Ice Circle metaphor of midlife

Today I remembered this story from last year showing a circular plate of ice rotating in a river bounded on one side by a shelf of ice with a socket to hold the circle in place and on the other side of freely flowing water to spin the plate.   It is a remarkable phenomena.  It is also another example of the benefits brought by ubiquitous video cameras allowing us to capture what would once just go down as a tall tale.

However, other thoughts prompted this image in my mind today.   I was thinking about my current situation, trying to make a mid-life course correction to find a combination of changes both in leisure and in work that would make sense for this next stage of my life.

I see myself as that central spinning plate of ice.

The ice-shelf side represents the progress I was making from the shores of my youth.   The distant shore was where I’d like to end up.

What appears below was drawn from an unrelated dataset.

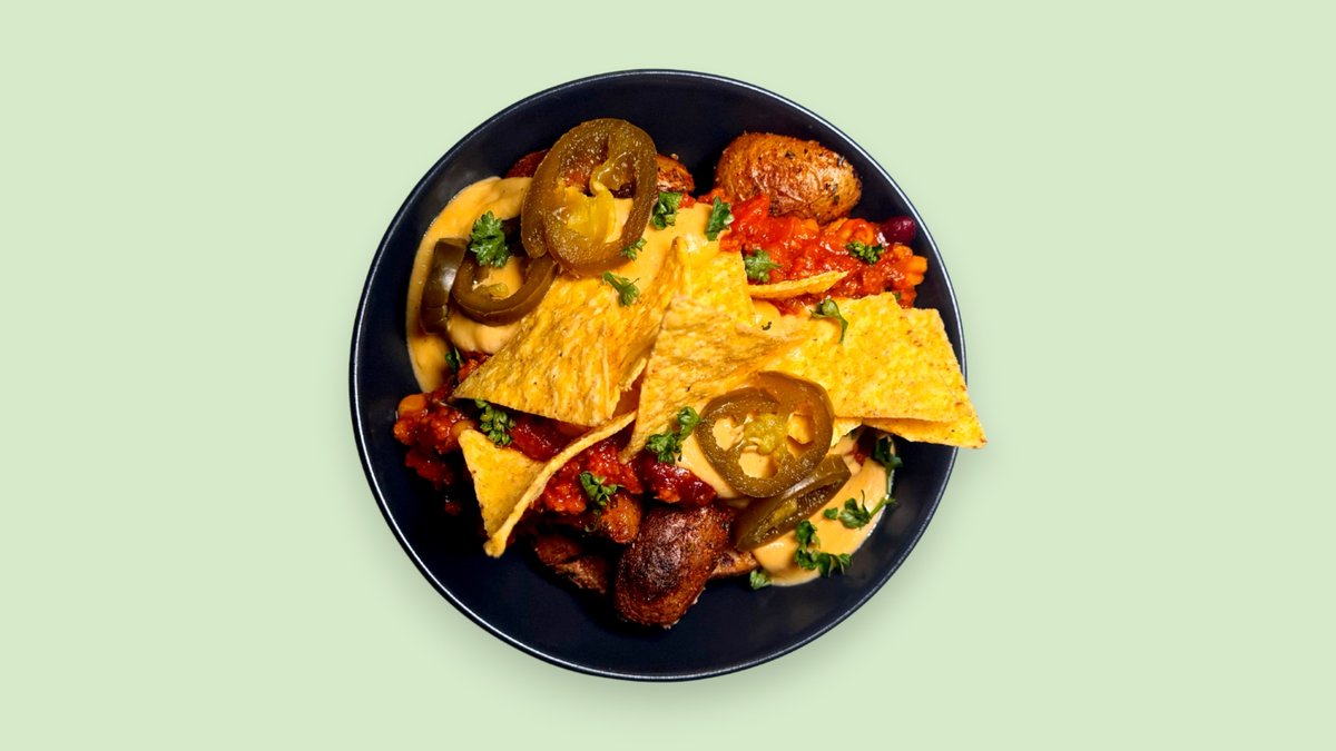 fried herb potatoes topped with chili sin carne, cheeze sauce, tortilla chips and jalapeños

As apparent in the video, the current is preventing the growth of the static ice shelf to progress to the other side.   The ice shelf makes a good analogy of my recognizing that I’m not going to get where I want by building on the past.

The spinning plate is an analogy to my recent attempt to break free of the shelf.   I imagine that the plate started as a fractured irregular shape similar to my start in this journey.   The current caused it grind against the other ice to produce the circular and nestled shape seen in the video.

The image suggest the futility of the attempt to break free.   The current-driven rotation keeps the plate where it is at and the rotation assures constant grinding of any growth that may occur.   It does not appear to be destined to reach the other side.

I feel similar forces as I try to find a new footing.   I can feel the current pushing at the edges telling me where it wants me to go but the shelf of the past is holding me in place.   One edge of the plate is moving in the direction toward the distant shore but inevitably it will turn around and head back to the original shore only to complete the circle.

I certainly something like that as I explore work opportunities where there are many job openings that I could be pursuing.  But the job openings are described in narrow terms that don’t match what I’m looking for.   The advice is to shape up the resume to present the best possible case of matching the advertised job requirements and I’d have some chance in getting the job that isn’t what I really want.

Eventually, that is probably what I’ll end up doing.  Falling back into the pattern that I tried to escape in the first place.

Given that the above video was taken at the start of a very cold winter, perhaps the ice shelf did in fact reattach the rotating plate and finally extend to the other side as a solid sheet.   If that happened it is an sign that perhaps it will work out to return to what I was trying to leave.

But I return to the image of the free but stuck rotating plate.   Although it is spinning hopeless stuck in place, it actually did break free of the shelf.   Even if reattaching to the shelf eventually leads to our collectively reaching the opposite shore, there is that loss of the feeling of breaking free of the past.

While that plate is permanently stuck in its place, it is freely rotating between the shelf and the exposed current.

I guess it is a matter of time before I’ll resign to rejoining the static ice shelf anchored on the shore where it originated.